Source material:
***

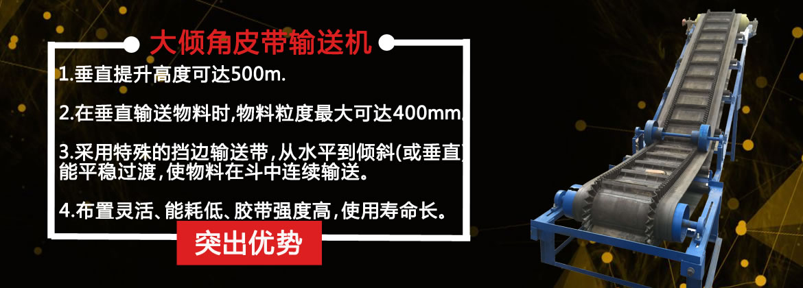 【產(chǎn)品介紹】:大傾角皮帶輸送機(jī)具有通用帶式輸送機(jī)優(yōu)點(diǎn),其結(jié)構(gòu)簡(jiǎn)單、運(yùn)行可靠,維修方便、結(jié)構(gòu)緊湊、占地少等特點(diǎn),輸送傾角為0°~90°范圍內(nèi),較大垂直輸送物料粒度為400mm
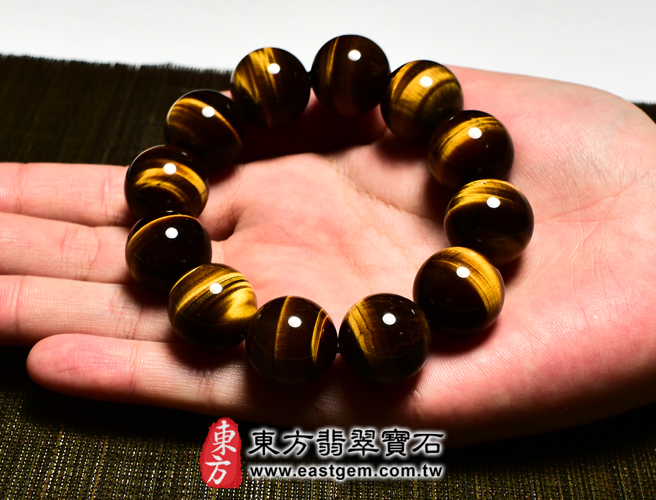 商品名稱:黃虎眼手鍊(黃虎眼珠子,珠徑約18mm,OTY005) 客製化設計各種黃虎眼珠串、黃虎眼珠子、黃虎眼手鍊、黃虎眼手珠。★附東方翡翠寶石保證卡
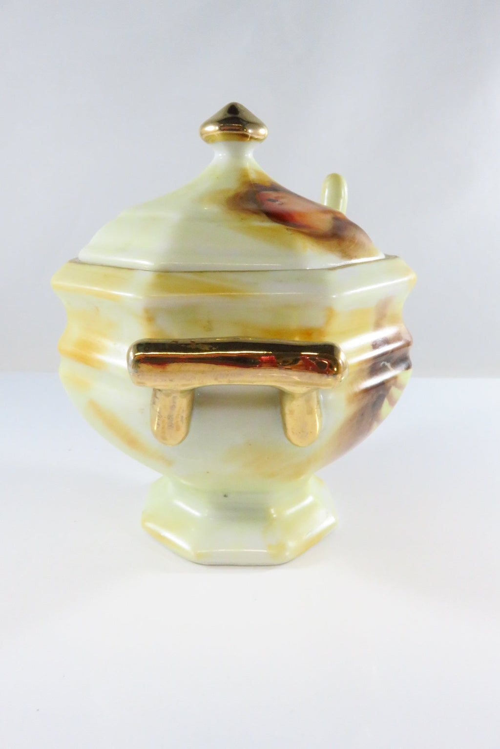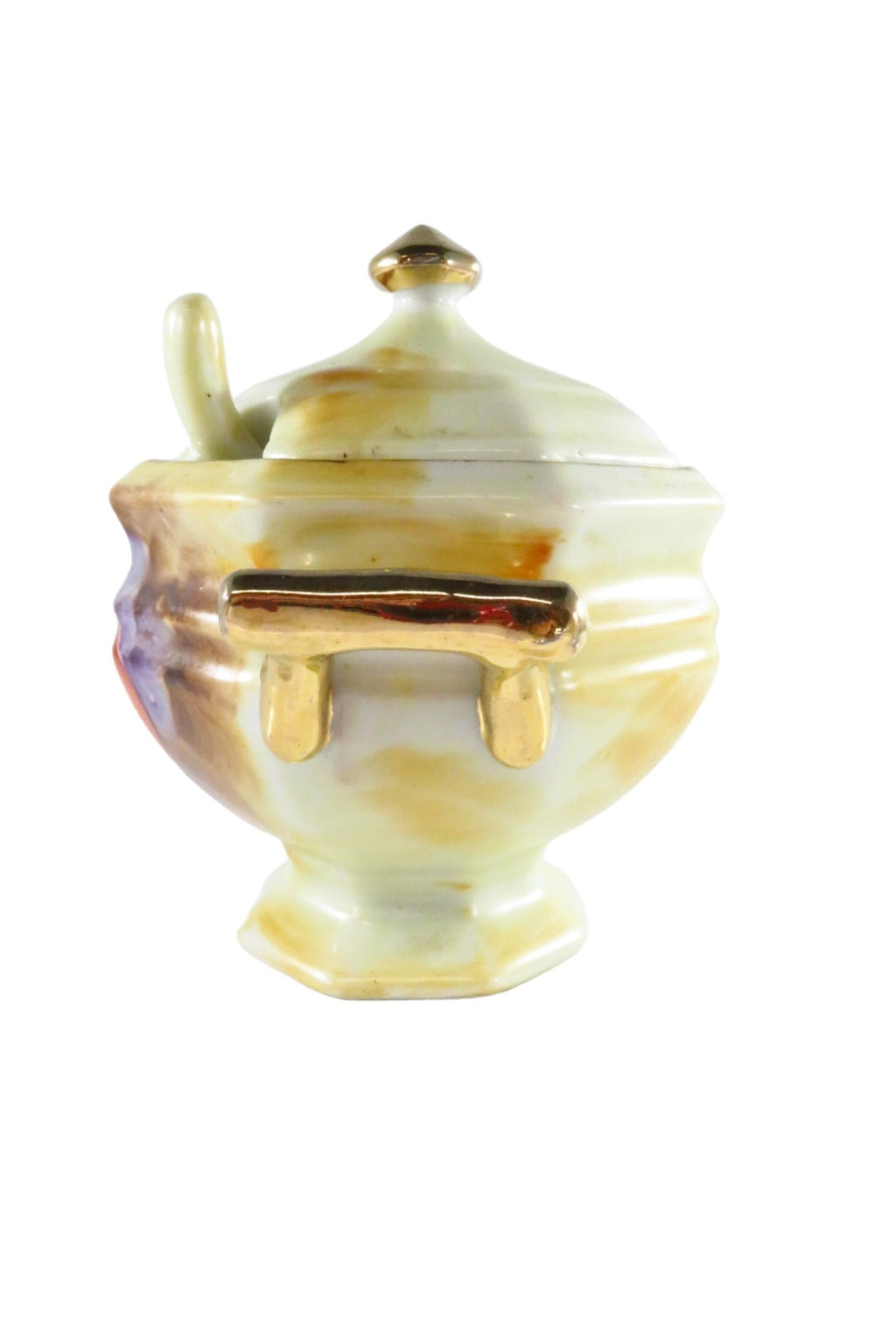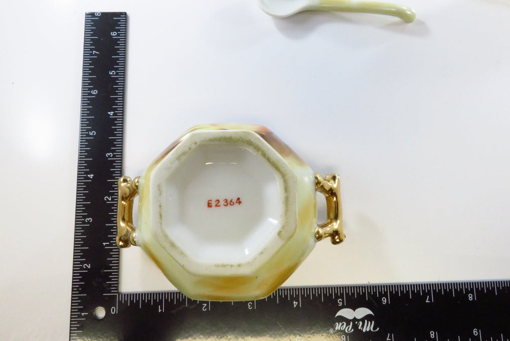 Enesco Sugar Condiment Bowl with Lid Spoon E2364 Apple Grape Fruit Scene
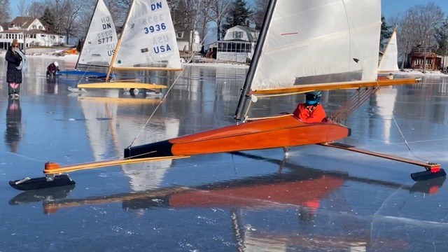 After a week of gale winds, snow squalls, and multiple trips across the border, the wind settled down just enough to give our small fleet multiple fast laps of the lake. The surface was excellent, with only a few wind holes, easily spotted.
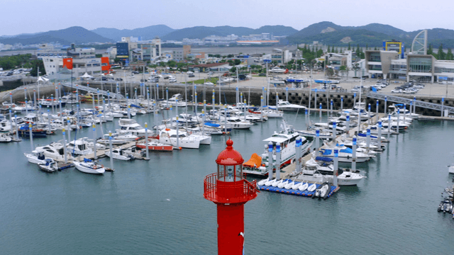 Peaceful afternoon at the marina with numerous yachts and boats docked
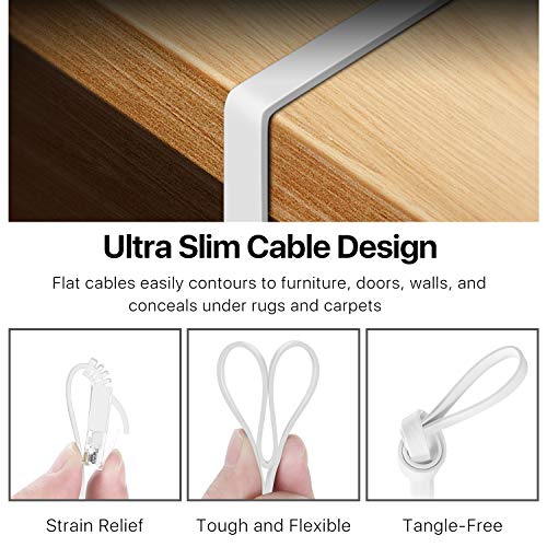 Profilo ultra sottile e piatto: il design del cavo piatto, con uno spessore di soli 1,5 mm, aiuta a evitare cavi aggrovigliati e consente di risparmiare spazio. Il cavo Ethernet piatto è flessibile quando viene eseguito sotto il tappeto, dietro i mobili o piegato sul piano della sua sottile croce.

***

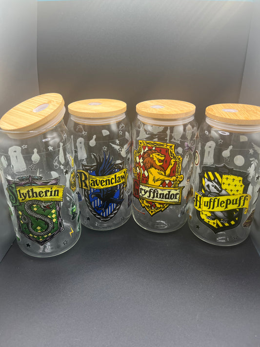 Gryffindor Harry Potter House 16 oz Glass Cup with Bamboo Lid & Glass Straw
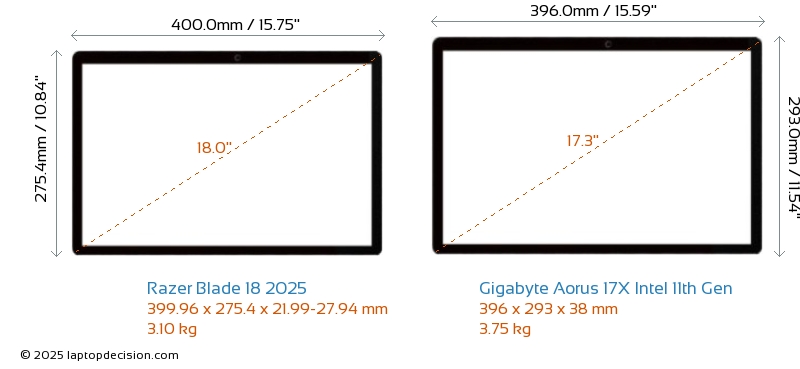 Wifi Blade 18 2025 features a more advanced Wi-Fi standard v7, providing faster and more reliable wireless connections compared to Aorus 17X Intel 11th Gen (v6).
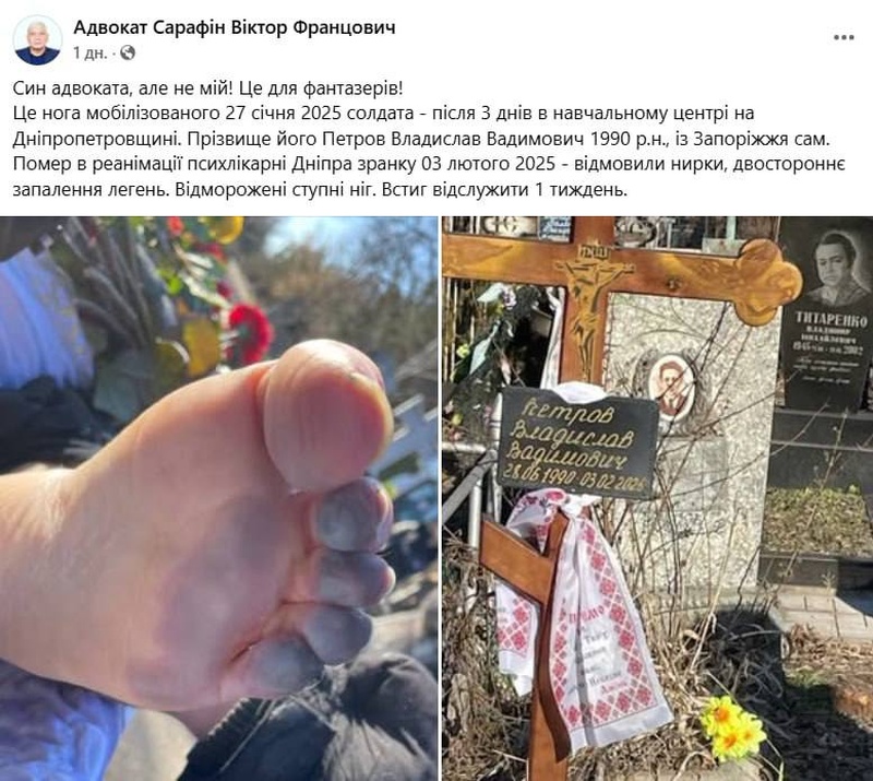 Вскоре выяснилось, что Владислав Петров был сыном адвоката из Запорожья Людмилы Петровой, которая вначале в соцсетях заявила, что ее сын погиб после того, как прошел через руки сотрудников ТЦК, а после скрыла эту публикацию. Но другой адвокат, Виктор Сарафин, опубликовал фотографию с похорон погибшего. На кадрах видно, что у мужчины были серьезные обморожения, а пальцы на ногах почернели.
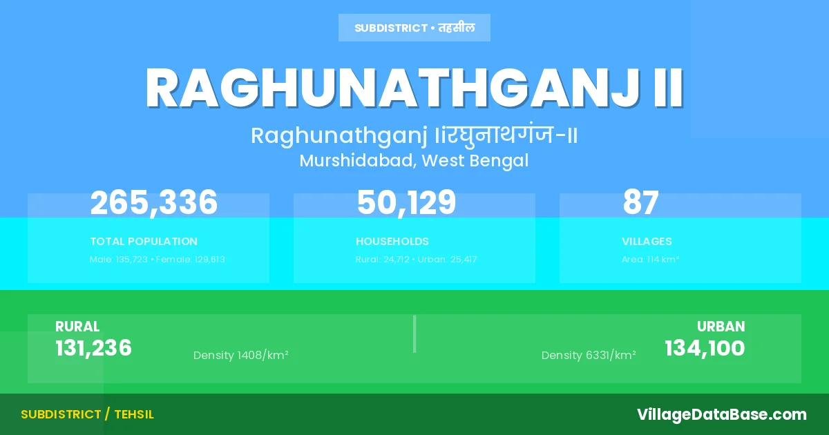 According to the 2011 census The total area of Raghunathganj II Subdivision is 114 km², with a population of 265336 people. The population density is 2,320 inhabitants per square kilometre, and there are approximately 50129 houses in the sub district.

***

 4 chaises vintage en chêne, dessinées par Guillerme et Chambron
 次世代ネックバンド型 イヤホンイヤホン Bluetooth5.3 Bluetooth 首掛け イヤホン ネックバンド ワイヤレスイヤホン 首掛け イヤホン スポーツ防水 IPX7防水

***

Work instructions: Copy the lines above exactly, starting with the line that contains "After a week" and ending with the line that contains "Peaceful afternoon at", and leave out any pictures.

Answer for this exercise:
 After a week of gale winds, snow squalls, and multiple trips across the border, the wind settled down just enough to give our small fleet multiple fast laps of the lake. The surface was excellent, with only a few wind holes, easily spotted.
 Peaceful afternoon at the marina with numerous yachts and boats docked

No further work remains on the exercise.